On episode four of my podcast I interviewed four women who are pillars in our NPE community: Eve Sturges, a therapist and host of the podcast Everything’s Relative with Eve Sturges; Erin Cosentino, co-founder of Hiraeth Hope & Healing and founder of NPE Only Facebook group; Lily Wood, host of NPE Stories; and Gina Daniels, PhD, of Graystone Mental Health and Wellness Group. I asked them all four questions, one of which was, “what is your relationship like with your mother nowadays?” Their answers were all of course different but so amazing and complex and just full of pain and hope all rolled into one.

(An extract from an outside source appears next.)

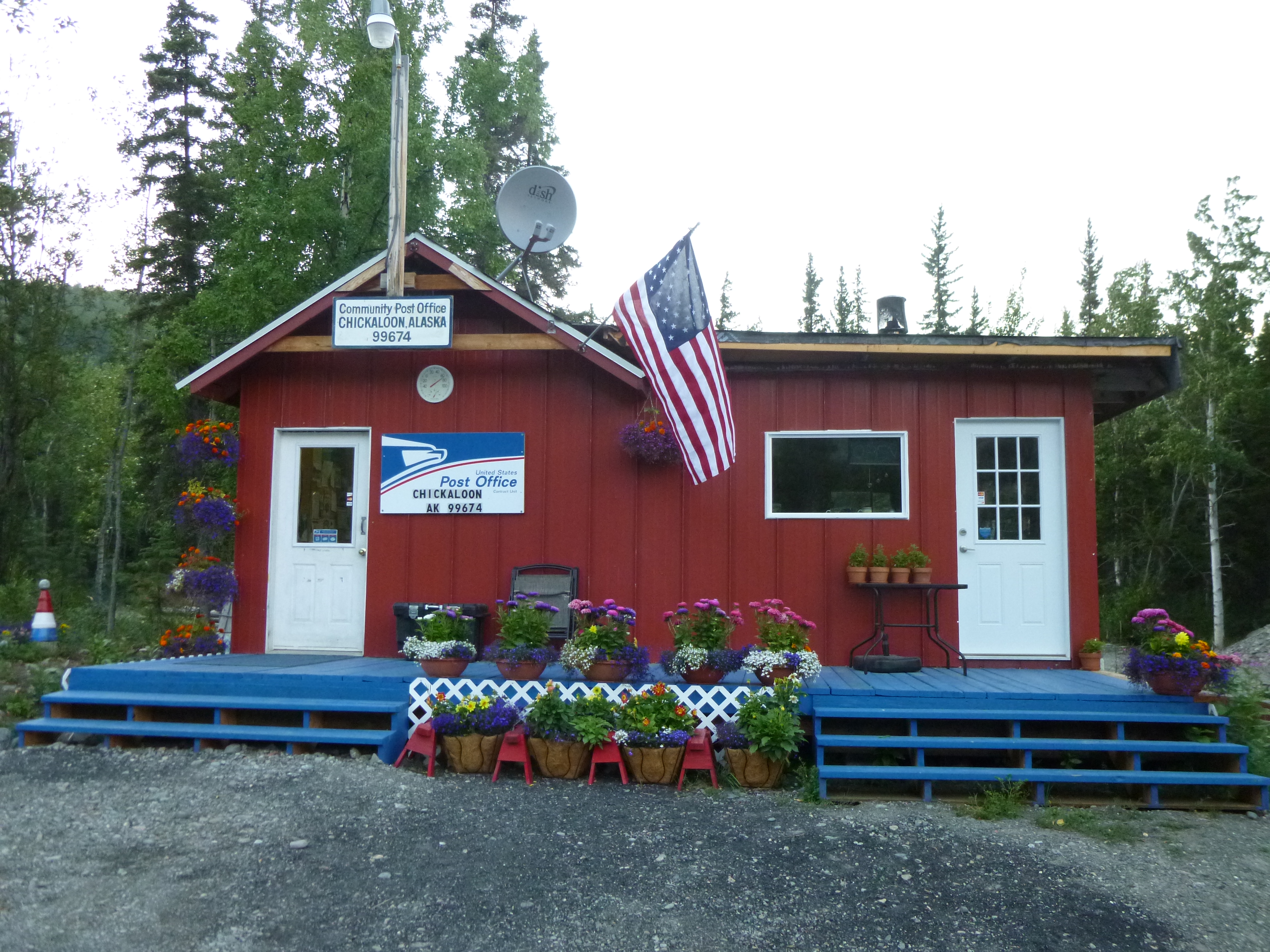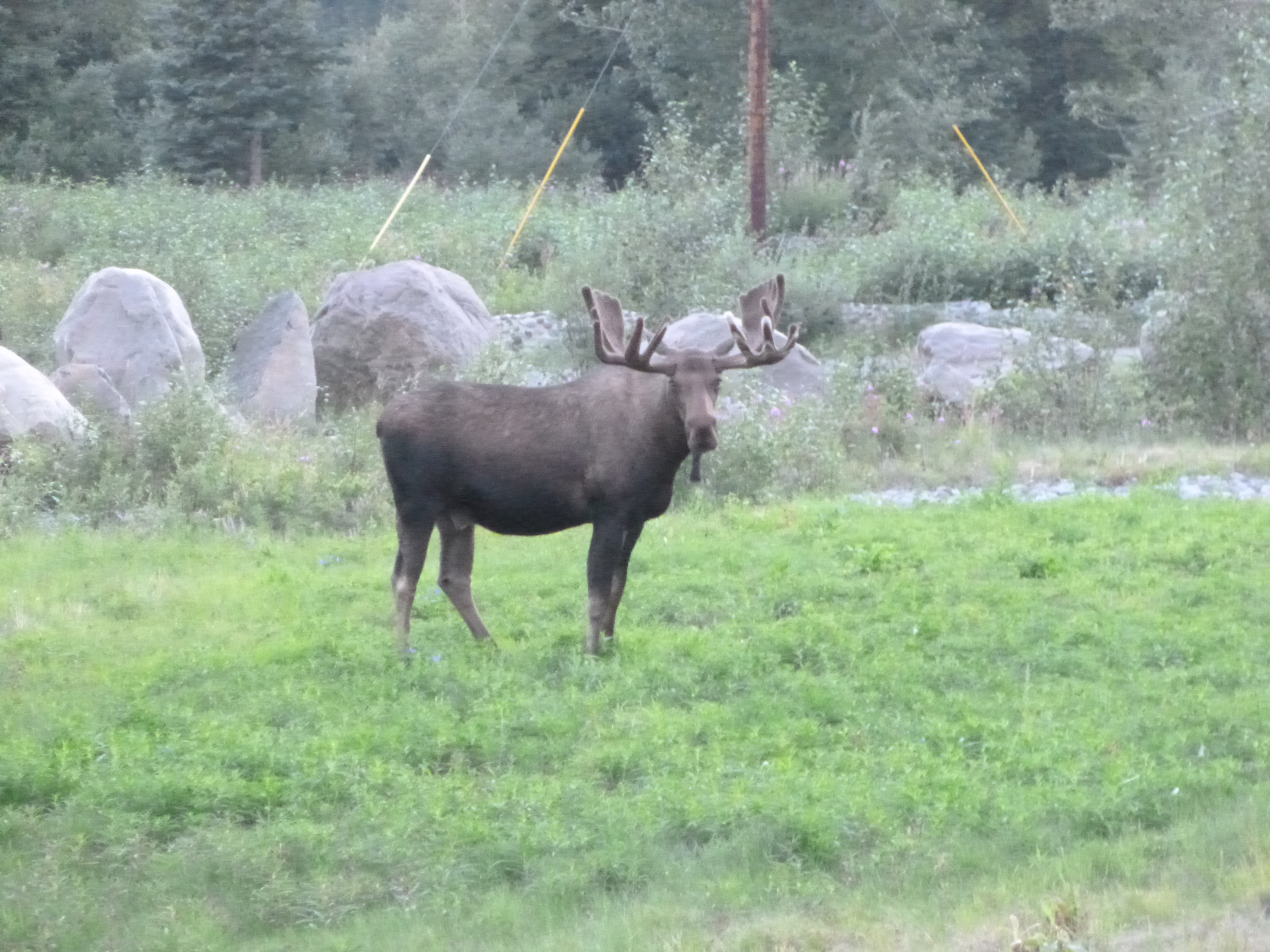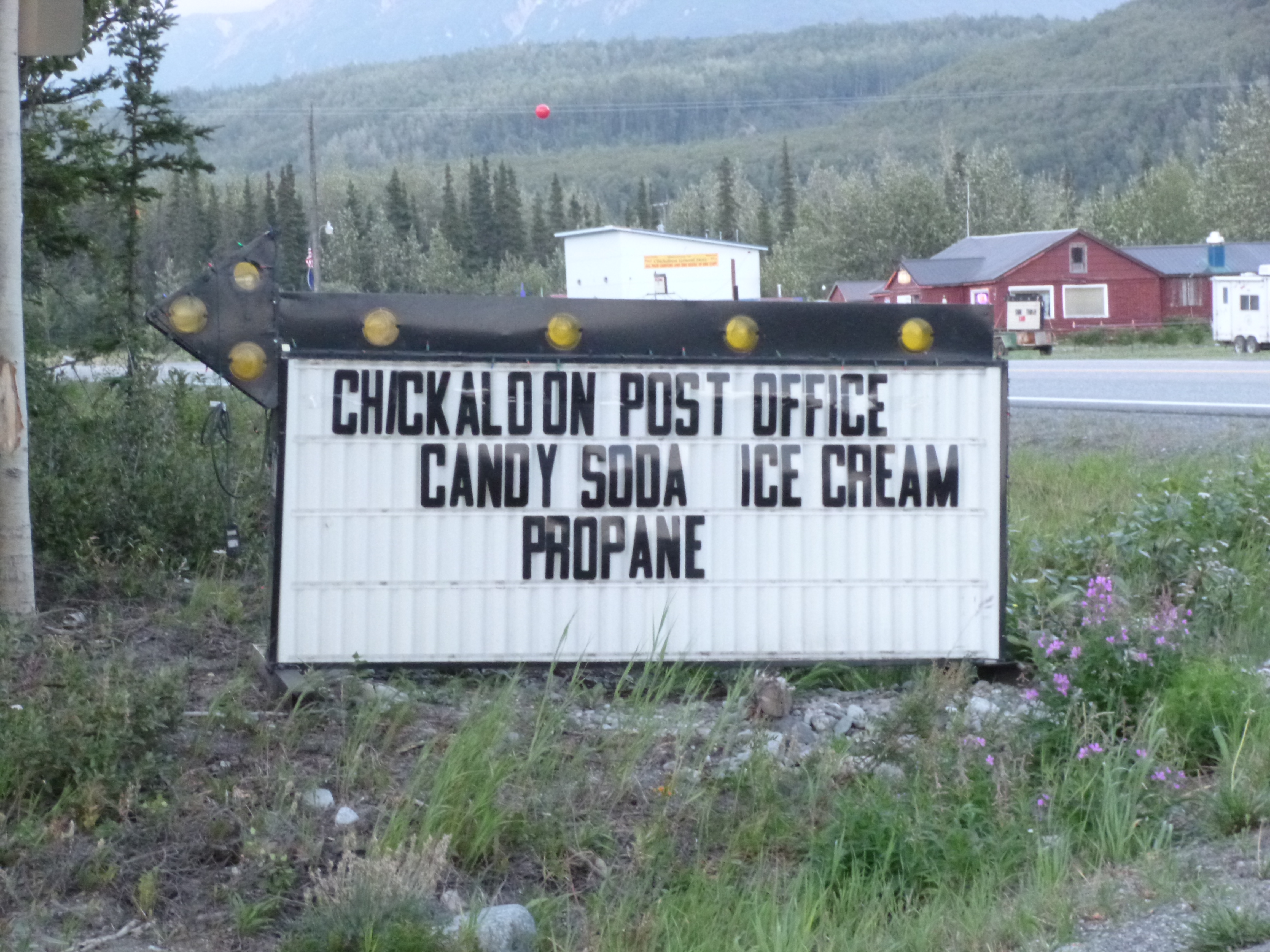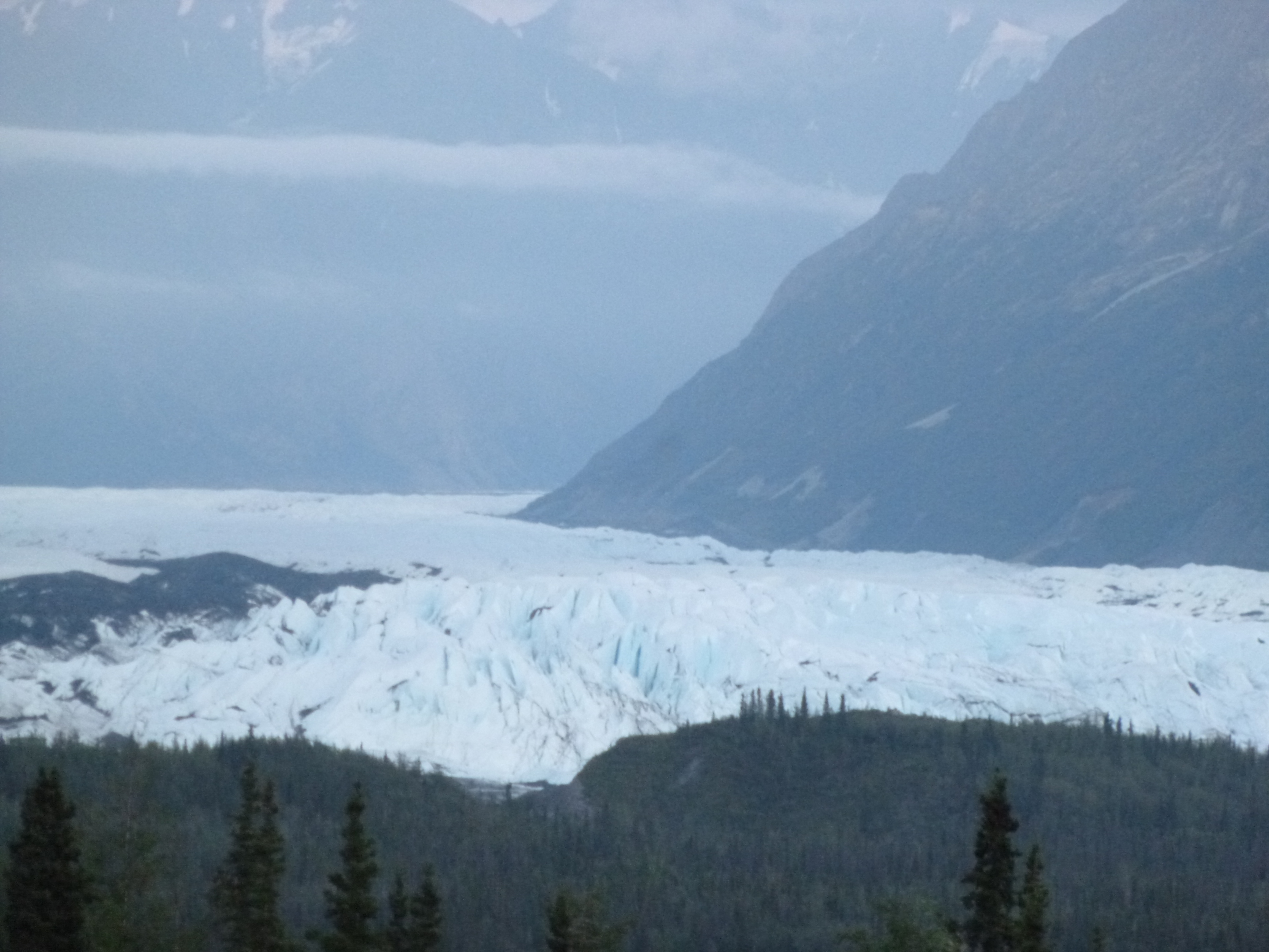 Then I drove through the evening and late evening hours along the Palmer-Glennallen Highway. That was another scenic mountain drive, and I was surprised to see some low-lying glaciers that seemed to be flowing from the bottoms of mountains. So I stopped and admired some of those. I passed through the town of Chickaloon, which is my favorite name of a town in Alaska. Like many small villages, Chickaloon only consists of a couple multi-purpose businesses, and a post office which also doubles as a candy, soda, ice cream and propane shop. (For my next job, I would like to manage a post office/ice cream/soda/candy shop/library!!) And then, finally, I saw a big bull moose along the side of the road. By this time I had seen quite a few female moose, but never a bull, and I stopped and watched him for quite a while. He was just munching on grasses alongside the road. I continued on, and then saw a porcupine, which I’ve never actually seen before. When it got to be 11:30 or so, I simply found a pull-out with a couple RVs and stopped for the night. I had thought I would be in Canada tonight, but there’s just too many miles! Alaska is complete as far as my journey – I walked more than 56 miles in the end (although I had a couple extra days to do so!) and all 7 donations were done – the North Pole Senior Citizen Center, the Fairbanks Foodbank, the Sled Dogs of Denali, NOLS, the Musk-ox Farm, the Alaska Veterans and Pioneer Home, and the Homer Food Pantry. Tomorrow I’ll cross into Canada for sure – I must have been dragging my heels in Alaska a bit – reluctant to leave!

They took the discussion to another level.

But also I have to say that as a society, we have such double standards when it comes to women cheating vs men cheating. I am not condoning anyone cheating but I think that creates a lot of shame in our mothers. And shame is a horrible thing, so I try to have compassion. I have forgiven my mother. Her “mistake” 56 years ago created a pretty amazing person. I’ve forgiven her for her past. However, her reluctance to discuss it today really puts a damper on our relationship.

Are you looking for participants and if so, how should they contact you??

I’m always on the hunt for good stories, especially those with a twist. I’m drawn to stories where I can weave multiple interviews from different people into one narrative. If someone has old footage/recordings of their bio dad that’s pertinent to their story, by all means, get in touch with me. Also, I often look for people who don’t even know what NPE means. My most popular episode by far is about a woman who was switched at birth in 1958. She’s known for over 20 years but did not know what an NPE was until I contacted her. Since then she’s been on the Facebook group Togetherness Heals getting support and giving support to others. That fact alone, that I was able to help her find us, the NPE community, has been one of the amazing outcomes of doing my podcast.

If someone thinks their story would be a good fit, the best way to contact me is on Instagram. I don’t really have an email set up yet…who needs another email. And if you aren’t on the gram…ask your kid to send me a message on your behalf.

Don Anderson is an NPE who lives with his wonderful wife in Los Angeles. He’s a TV promo producer, documentary filmmaker, and a small business owner. He found out on September 19, 2021 that his dad wasn’t his dad. Life will never be the same. And he wouldn’t have it any other way.